14 おしゃべりな少女と魔女の気配

 ニコは開け放たれたドアを閉めて、ベイブを振り返った。


「すごい剣幕だったね」

「ホント。驚いた」


 彼女は床に散らばっている手紙を拾い集めていた。テオが投げ捨てたものだ。

 読み始めるなり彼の顔は怒りに染まってゆき、送り主を口汚くののしった。そして、ニコの止める間もなく飛び出していったのだ。


「クレイブさんの手紙でこんなに怒ったの、初めてだよ。どんなイヤミ言われても、いつも鼻で笑ってたのにどうしたんだろう?」

「ふふ。多分この一文のせいね」


 ベイブが手紙の一部を指さし、読み上げニッコリと笑った。


「――自分の弟子が出来が悪く、素性の分からぬ孤児だからといって、他人の弟子に嫉妬心を抱くのは―― ニコ、あなたが侮辱されたことに怒ったのよ」

「え?」


 途端にニコの顔が真っ赤になる。

 あのテオが自分の為に怒ってくれたのか、そう思うと嬉しいような照れくさいような妙な気分だった。

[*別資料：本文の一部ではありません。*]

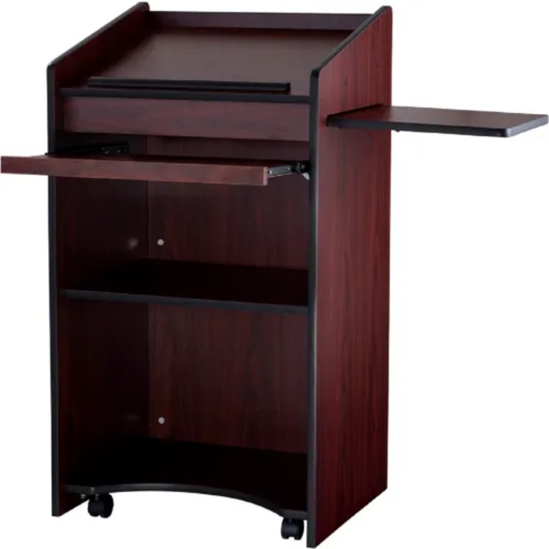The Model #600 Aristocrat is a bold, executive-style lectern ideal for conference, training, and formal meeting rooms. The high-quality cabinetry is of wood grain thermofused laminate, accented with attractive T-mold edging and features four concealed easy-roll casters (two locking) for smooth mobility. A side-mounted 16″ x 15″ slide-out shelf (35-lb. weight capacity) is at the presenter’s right side for A/V equipment or other presentation needs. The Aristocrat’s two built-in 23.5″ x 18″ shelves provide ample storage space. Ships ready for easy assembly.
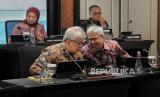 Direktur Utama bank bjb Yuddy Renaldi (kiri) berbincang dengan Direktur Keuangan Hana Dartiwan (kanan) saat sesi pemaparan capaian saat Earning Call di Jakarta, Selasa (30/7/2024). Pada Triwulan II 2024, bank bjb mencatat kinerja yang tetap terjaga dengan berbagai capaian diantaranya kinerja bank bjb dari sisi aset hingga akhir Juni 2024 bertumbuh sebesar 16,6 persen year on year (YoY) atau sebesar Rp207,3 triluin. Selain itu, bank bjb berhasil menjaga keseimbangan dalam hal Dana Pihak Ketiga (DPK) dengan penyaluran kredit pada Juni 2024 tercatat sebesar Rp150,2 triliun atau tumbuh 16,4 persen YoY. (FOTO : Republika/Thoudy Badai)
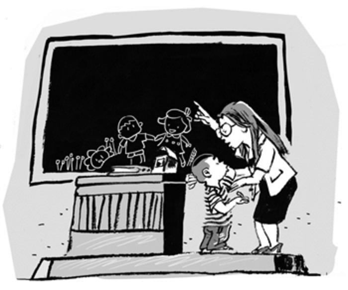 老师制止道:“别擦,这黑板上画了这几幅卡通画,变得多漂亮啊!”
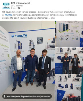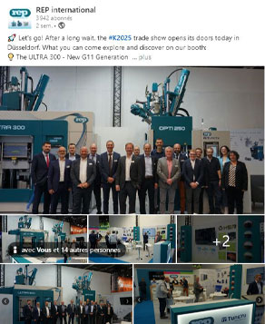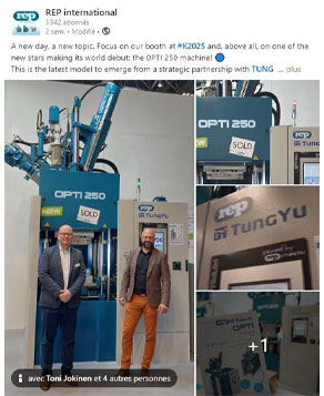 Nuestros visitantes pudieron asistir a demostraciones de funcionamiento de nuestras máquinas en directo , informarse sobre nuestras inyectoras EPG horizontales eléctricas, nuestras soluciones de compresión y Rotocure y hablar directamente con nuestros expertos.

「クレイブさんの言うとおり僕は孤児だし、ろくに魔法も使えない。出来が悪いのは本当だよ……別に怒ることじゃないのに」

「そんなこと言うもんじゃないわ。魔法だって使えるじゃない。ちゃんと指導しないテオがいけないの。彼はあなたを信頼してるし、期待しているわ」

「そ、そうかな……」


 ますます赤くなる頬をポリポリかきながらキッチンに入っていくニコを、ベイブはクスリと笑って見送った。


「それにしても自分は平気で人を侮辱するくせに、身内がされると怒り狂うなんて、とことん自分勝手な男ね。ブロンズ通りの魔法使いは」


 独り言をいいながら、くすくすと楽しげに笑い続けた。




 しばらくして、コンコンと扉がノックされた。

 ベイブは例によって、またさっと物陰に身を隠す。

 扉をあけると、クリクリとした大きな目の十歳程の少女がニコを見上げていた。体の弱い母親のために、よく薬草を買いに来る少女だった。ツインテールを揺らして、元気に挨拶する。

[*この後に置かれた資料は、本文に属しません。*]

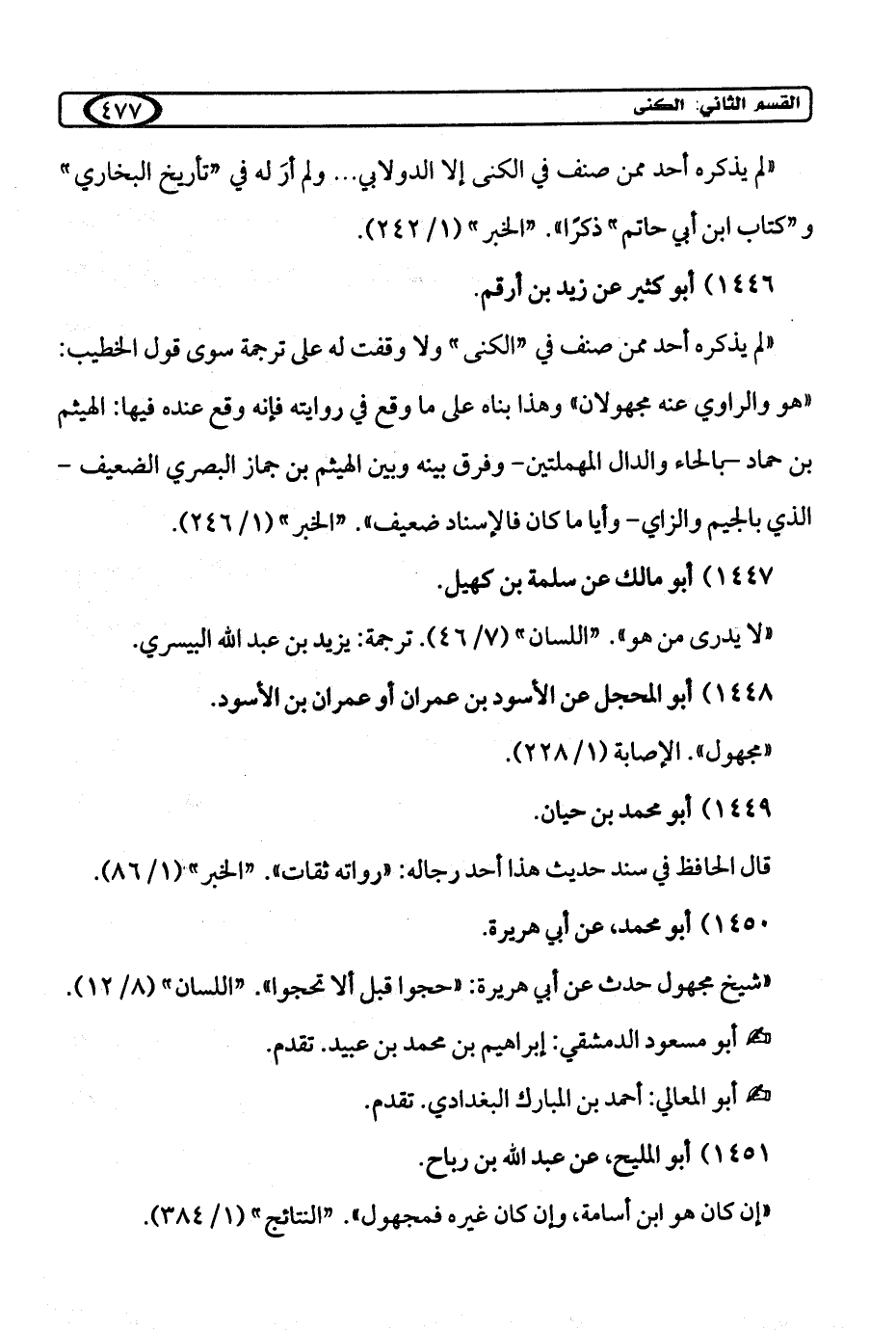 "لم يذكره أحد ممن صنف في الكنى إلا الدولابي ... ولم أرَ له في "تأريخ البخاري" و"كتاب ابن أبي حاتم" ذكرًا". "الخبر" (1/ 242).

「おはようございます、ニコさん。いつもの薬草を下さい!」

「おはようジル、お母さんの具合はどう?」


 ニコは微笑んで、すぐに薬草を用意してやった。


「うん。大分いいみたい」

「そりゃ、良かった」

「あのね、先週はお留守だったから、仕方なくレンガ通りの魔女さんちの薬草を買ったの。そしたら、どうなったと思う!?」


 おしゃべりのスイッチが入ったジルは、早口でまくし立て始めた。


「もう大変! 飲んだ途端に緑色のジンマシンだらけ! 家中大騒ぎよ! お父さんは怒鳴るだけで役に立たないし、おばあちゃんはオイオイ泣き出すし、お母さんは真緑だし……。あたし、もう見ていられなかったわ!」


――それは可哀想に……体質に合わなかったのかな。たまにこういうこと、あるんだよなあ。


「ここの薬草が少し残ってて、本当に助かったわ。飲ませてあげたら直ぐ治まったの。あの時はどうなるかと思ったわ。あそこの薬草や呪文は、もう絶対買わないんだから! 町の人たちにもこの話教えてあげたの。だってそうでしょう、ひどんだもん!」


――うーん、レンガ通りの魔女も気の毒に……。


 弁解に走り回っている魔女を想像し、ちょっと同情してしまった。


「あ、そうだ、ニコさん知ってる?」


 いきなり話題が変わった。


「隣の国の王女様が行方不明なんだって。インフィニードの魔法使いが何人も捜しに行ってるけどなかなか見つからないみたい」


――それ、テオさんが断った大臣命令だ……。秘密のはずなのに、すっかり知れ渡ってるじゃないか。


「ミリアルドは魔法使いが少ないんだって。だからこっちにお願いしたのね。それにね、あちらでは私たちの王様と王女様の結婚の噂があるんだって!」


――へえ、それは知らなかったな……。


 ミリアルドとしては、その結婚で友好国インフィニードとの結びつきを更に強くしておきたいのだろう、とニコは想像した。ミリアルドは大国からの侵攻におびえているのだと聞いていた。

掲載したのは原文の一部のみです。